▸ **Working data**
▶

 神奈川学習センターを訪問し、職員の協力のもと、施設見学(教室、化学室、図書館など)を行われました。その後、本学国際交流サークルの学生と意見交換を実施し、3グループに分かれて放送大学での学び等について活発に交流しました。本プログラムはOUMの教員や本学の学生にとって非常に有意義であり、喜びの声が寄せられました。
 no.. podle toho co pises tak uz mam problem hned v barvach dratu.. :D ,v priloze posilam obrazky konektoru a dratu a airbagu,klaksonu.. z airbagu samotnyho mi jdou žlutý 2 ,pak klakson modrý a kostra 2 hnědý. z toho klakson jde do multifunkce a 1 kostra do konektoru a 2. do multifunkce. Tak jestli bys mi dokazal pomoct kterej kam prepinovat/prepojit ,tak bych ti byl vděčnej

◀
▶

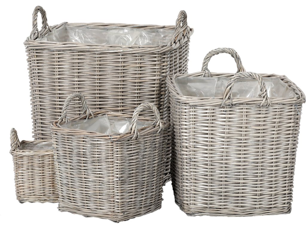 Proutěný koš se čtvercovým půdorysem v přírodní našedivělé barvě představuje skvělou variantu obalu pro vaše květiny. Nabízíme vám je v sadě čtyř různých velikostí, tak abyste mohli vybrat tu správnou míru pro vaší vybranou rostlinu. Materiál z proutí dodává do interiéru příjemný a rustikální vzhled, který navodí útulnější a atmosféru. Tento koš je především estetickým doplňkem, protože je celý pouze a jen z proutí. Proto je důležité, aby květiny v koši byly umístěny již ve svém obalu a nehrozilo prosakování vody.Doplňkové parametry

◀
▶

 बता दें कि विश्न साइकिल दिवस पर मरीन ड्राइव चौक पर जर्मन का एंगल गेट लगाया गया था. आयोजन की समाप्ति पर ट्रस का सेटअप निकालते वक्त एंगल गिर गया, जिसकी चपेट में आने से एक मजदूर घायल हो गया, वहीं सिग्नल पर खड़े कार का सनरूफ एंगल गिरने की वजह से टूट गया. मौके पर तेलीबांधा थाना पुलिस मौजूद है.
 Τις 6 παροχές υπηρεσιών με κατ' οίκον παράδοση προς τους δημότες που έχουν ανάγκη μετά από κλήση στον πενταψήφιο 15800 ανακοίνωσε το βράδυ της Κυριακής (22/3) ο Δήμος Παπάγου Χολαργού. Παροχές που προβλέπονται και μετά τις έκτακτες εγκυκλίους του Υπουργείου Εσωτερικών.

◀

▸ **Task statement**
Your task for the entries above: copy exactly the span starting with the line with "神奈川学習センターを訪問し、" and going on through the line with "no.. podle toho", both lines included, and nothing else.

▸ **Expected answer**
 神奈川学習センターを訪問し、職員の協力のもと、施設見学(教室、化学室、図書館など)を行われました。その後、本学国際交流サークルの学生と意見交換を実施し、3グループに分かれて放送大学での学び等について活発に交流しました。本プログラムはOUMの教員や本学の学生にとって非常に有意義であり、喜びの声が寄せられました。
 no.. podle toho co pises tak uz mam problem hned v barvach dratu.. :D ,v priloze posilam obrazky konektoru a dratu a airbagu,klaksonu.. z airbagu samotnyho mi jdou žlutý 2 ,pak klakson modrý a kostra 2 hnědý. z toho klakson jde do multifunkce a 1 kostra do konektoru a 2. do multifunkce. Tak jestli bys mi dokazal pomoct kterej kam prepinovat/prepojit ,tak bych ti byl vděčnej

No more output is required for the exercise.